Oh, I forgot yesterday, maybe it wasn’t yet clear in my mind and I needed some more dig and headscraping on laws and funds to have it more vivid. Our government is trying to protect Italians from harming themselves by not subscribing an integrative pension fund. This is for sure a laudable intention – I warn you, if you want to survive the 3rd age, you have to put aside some money.
The problem is that this strongly contrast with the current fund schemes that offer several lines of investment with different aggressiveness and features. In other words the money that the government forces you to put aside to grant a wealthy old age are allowed to go into the slot machine of the financial trades and you could end with empty hands even emptier than if you had put money in the mattress. The law requires only the most conservative line to grant the sum you put into (that is 0% interest, you are nonetheless wasting money in taxes and losing power of purchasing because of the inflation). The law set the TFR interest rate as a goal, not as a requirement for the most conservative line. Nothing happens if the goal is not reached.

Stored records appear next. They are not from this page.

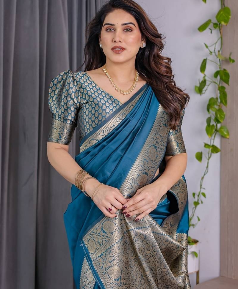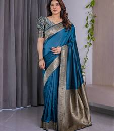 Turquoise soft art silk banarasi jacuard work designer party wear saree with unstitched blouse piece
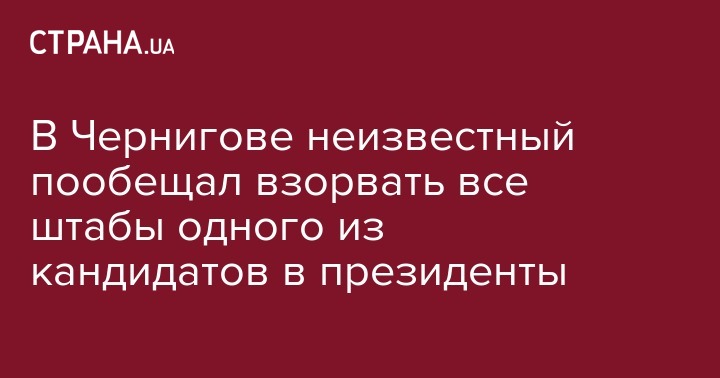 Сегодня, 31 марта, в день выборов президента Украины, неизвестный сообщил в полицию Чернигова о том, что намерен взорвать штабы одного из кандидатов в президенты Украины "в случае непрекращения подкупа избирателей".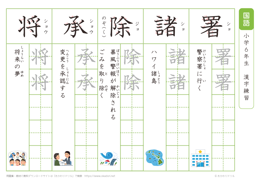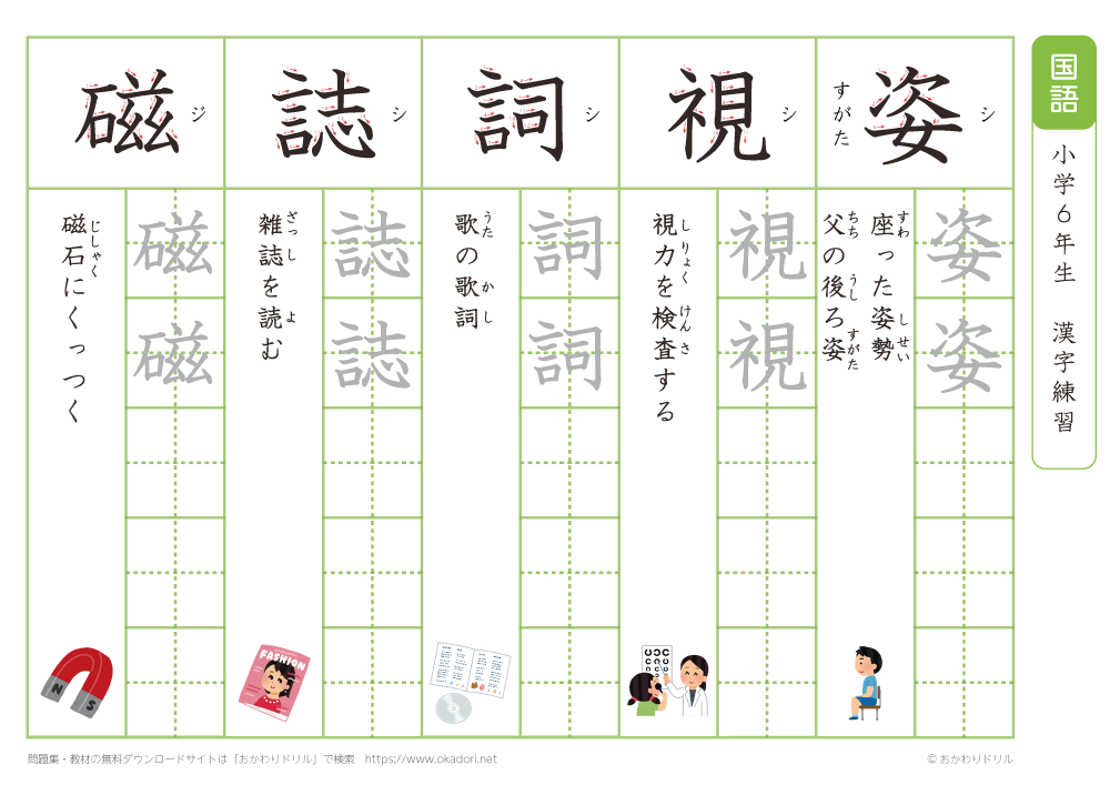 小学6年生の漢字の書き方の練習に、ぜひ利用して下さいね!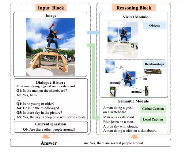 如下图 1 所示「Q1: Is the man on the skateboard?」, 需要关注「man」,「skateboard」等信息,当问题变换为「Q5: Is the sky in the picture」时,需要将关注区域转移至「sky」。问题 Q1 和 Q5 主要关注在表层(appearance-level)信息问题,而 Q4「Is he young or older」则需要进一步地视觉推理得到更高层的语义信息。因此,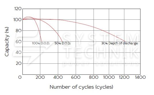 - Срок хранения без подзаряда: 6 мес. при 25°C;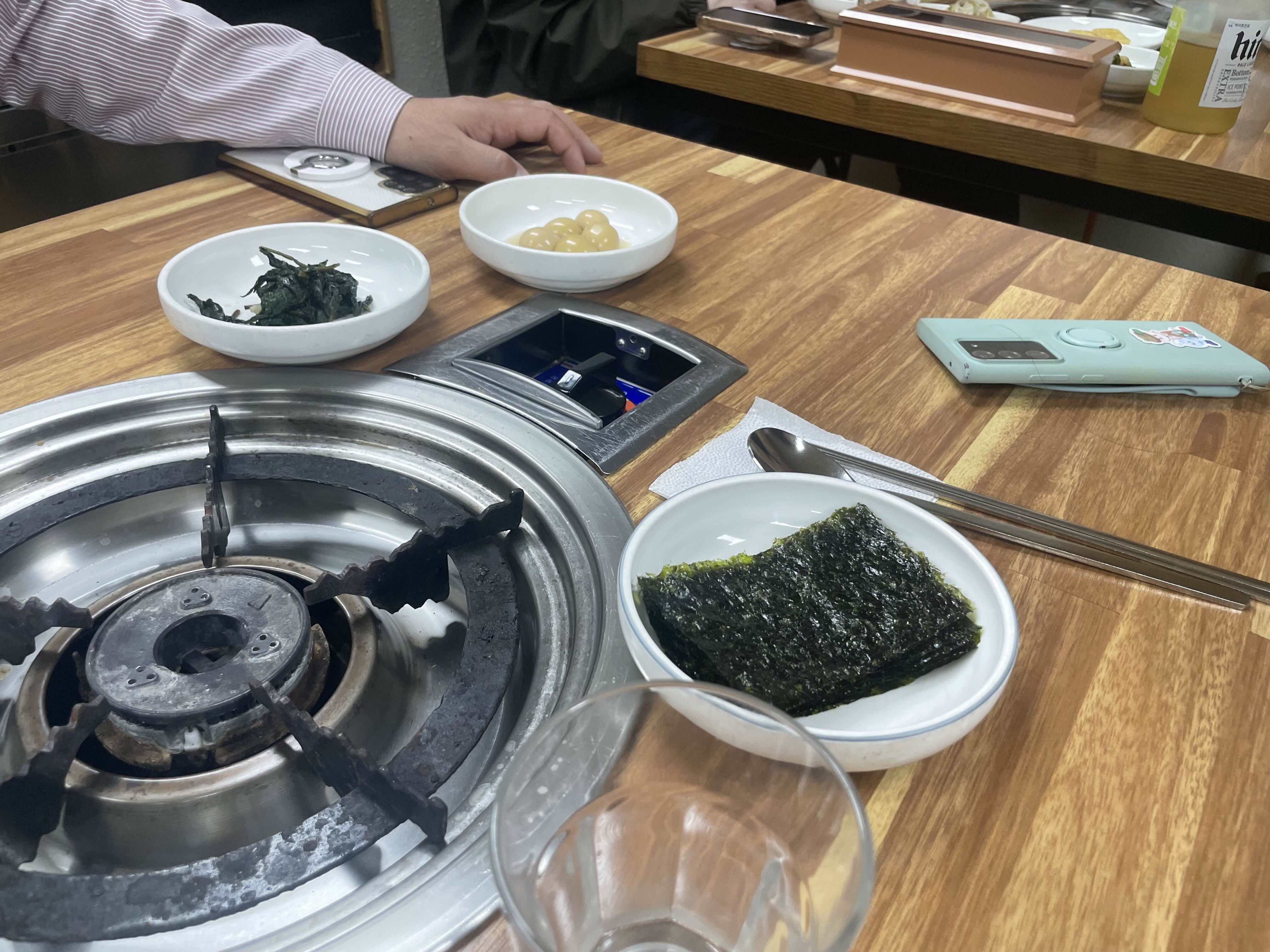 자리에 앉자마자 나오는 기본찬들이에요. 마른김, 장아찌, 미역줄기 같은 익숙한 밑반찬이 한상 차려졌어요. 요즘은 이런 반찬도 다 정성인데, 하나하나 손이 가는 구성이라 만족스러웠어요.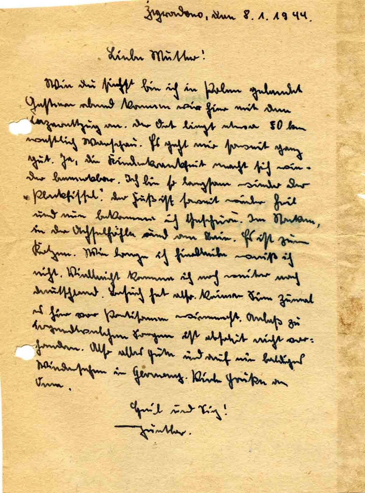 Günther Roos an Mutter Elisabeth, 8. Januar 1944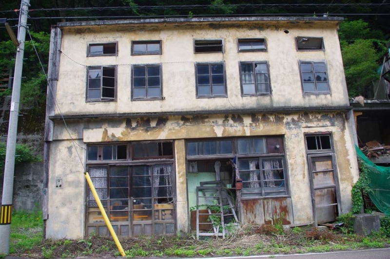 駅前の商店や廃屋など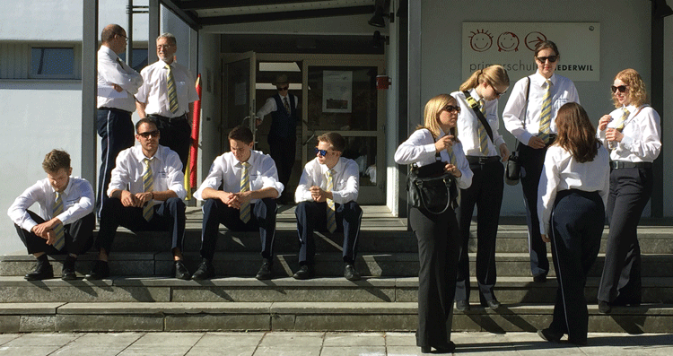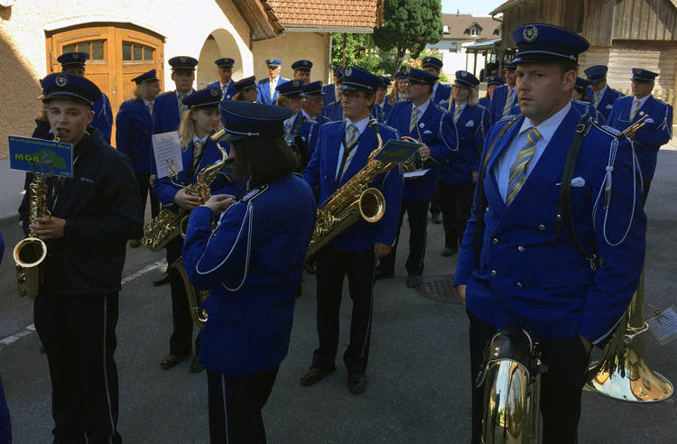 Nach einer, für den einen oder anderen, kurzen Nacht trafen wir uns schon wieder und liessen uns aber nichts anmerken obwohl es für die einen schon sehr hart war... Wir begleiteten die Erstkommunikanten zu ihrem Dankgottesdienst in den Holzerhof und umrahmten das Fest musikalisch.

Even worse the law allows to chose more aggressive investment that could bring higher positive rates or dragging you into losing money, maybe helping fund managers interests but going against the noble goal to avoid social problems when the current working class will reach the retirement age.
There is an underlying problem of trust, lacking of trust. If the government wants Italians to trust this new pension form, then the new form must grant everything the old one granted. The law must grant at least the same rate and at least the chance to get all the money at retirement.
After all if everyone is so staunch about the TFR performing worse than the financial fund why don’t they grant the fund to perform at least as bad as the TFR?